Lifts the per-channel analysis up to a Star-wide perspective, letting her distinguish “I’ve been stressed everywhere” from “stressed in one place but calm in another” – a cross-channel reflection and desire summary rather than a single conversation’s. Pure computation over the in-memory self._states cache with no side effects; channels not currently cached do not contribute.

Merges the last 10 snapshots from every cached SelfState, computes a per-node global average across CORE_NODES, derives global attractors (average at or above ATTRACTOR_VALUE_THRESHOLD) and global absences (the warmth/bonding/craving/bliss shortlist below 0.30), then builds reflection text and global desires from AUTONOMOUS_DESIRE_MAP and NODE_LABELS. Returns early with empties when fewer than 10 merged snapshots exist. No in-repo callers were found, so this is a public accessor for external or future use.

Return type:

Dict[str, Any]

Returns:

A dict with reflection_text, desires, drift_summary (always empty here), and channel_count; the text and desires are empty when there is too little cross-channel data.

async save_state(channel_id)[source]

Persist a condensed self-mirror snapshot to a standalone Redis key.

A lighter, public persistence path distinct from the hash-based _persist_state(): it writes only the durable essentials (baseline, the uncapped desire history, a capped desire ledger, and the turn count) as a single JSON blob, intended as an explicit checkpoint rather than the per-turn cache flush.

Resolves the state via _get_state(), serialises the ledger through _ledger_to_dict() (keeping the last 100 entries), and issues a Redis SET of the JSON under key star:self_mirror:{channel_id} via self._redis. Failures are caught and logged at debug. Paired with load_state(); no in-repo callers were found, so this is a public method for external or future use.

Parameters:

channel_id (str) – Channel whose state to checkpoint; also forms the Redis key.

Return type:

None

Returns:

None. A no-op when self._redis is unset.

async load_state(channel_id)[source]

Restore a condensed self-mirror snapshot from its standalone Redis key.

The read counterpart to save_state(): it rehydrates only the durable essentials (baseline, desire history, desire ledger, turn count) from the JSON blob written by that checkpoint, as opposed to the full hash-based _load_state_from_redis() rehydration.
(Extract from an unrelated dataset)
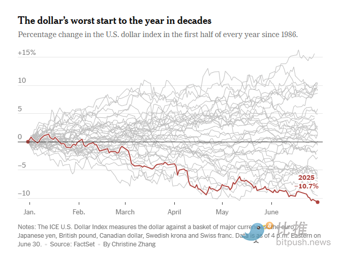 今年以来,美元的避险属性正面临前所未有的挑战。据 FactSet 数据,2025 上半年,美元指数(DXY)累计跌超 10%,创 1973 年以来最疲软上半年表现。以往在金融市场波动期会走强的美元,如今却与长期美债收益率一同走高,呈现出新兴市场才有的反常特征。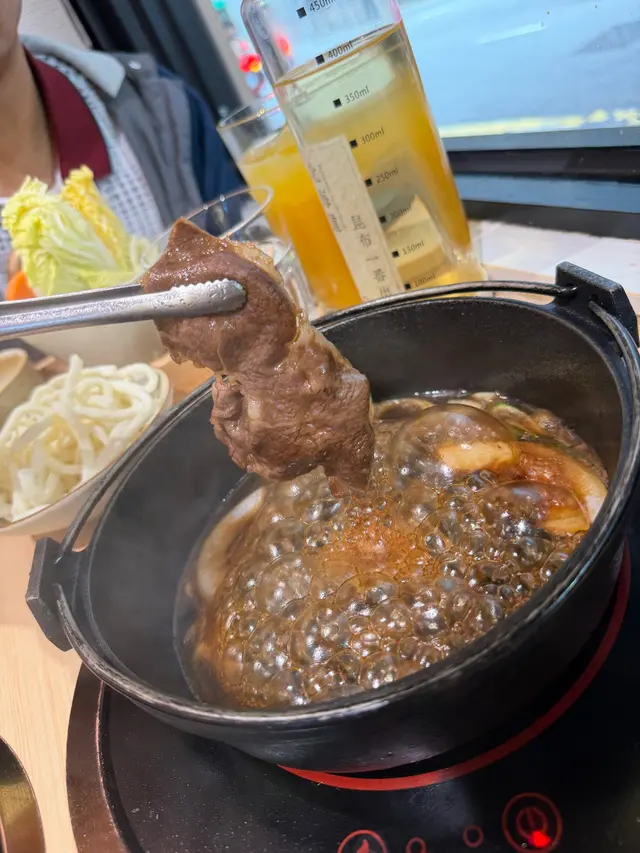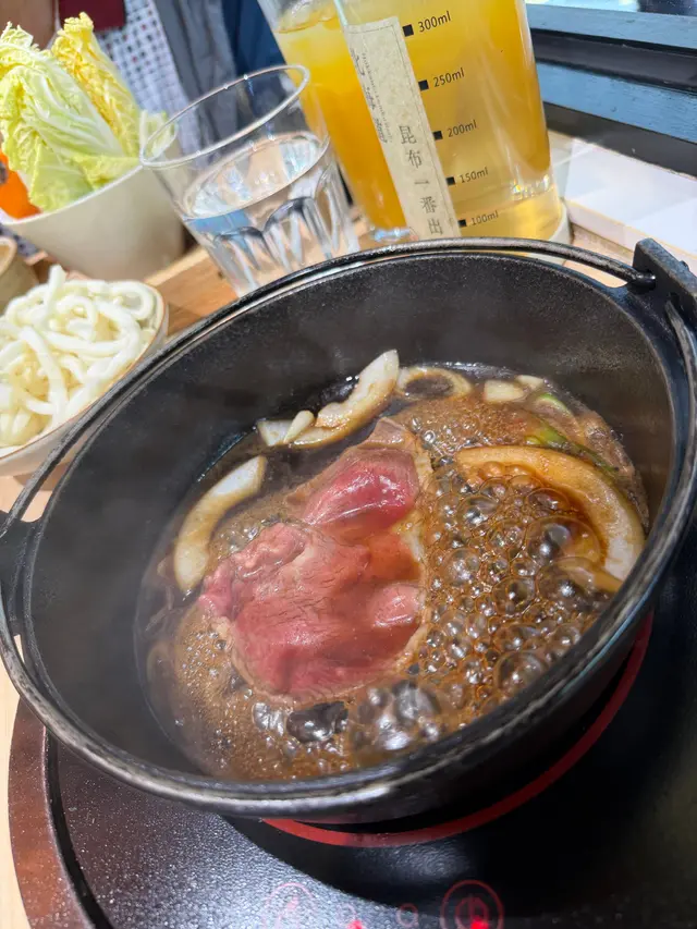關東風醬油基底甜鹹適中⚱️ 加入高湯,配上和牛肉,煮熟後蘸蘭王蛋液,有得自己煮好好玩又好食😋😋

Resolves (or creates) the state via _get_state(), issues a Redis GET on key star:self_mirror:{channel_id} via self._redis, and merges the decoded fields back in, reconstructing each DesireLedgerEntry. Decode or per-entry errors are swallowed (debug-logged) so a partial blob still loads what it can. No in-repo callers were found, so this is a public method for external or future use.

Parameters:

channel_id (str) – Channel whose checkpoint to load; also forms the Redis key.

Return type:

None

Returns:

None. Mutates the cached state in place; a no-op when self._redis is unset or no blob exists.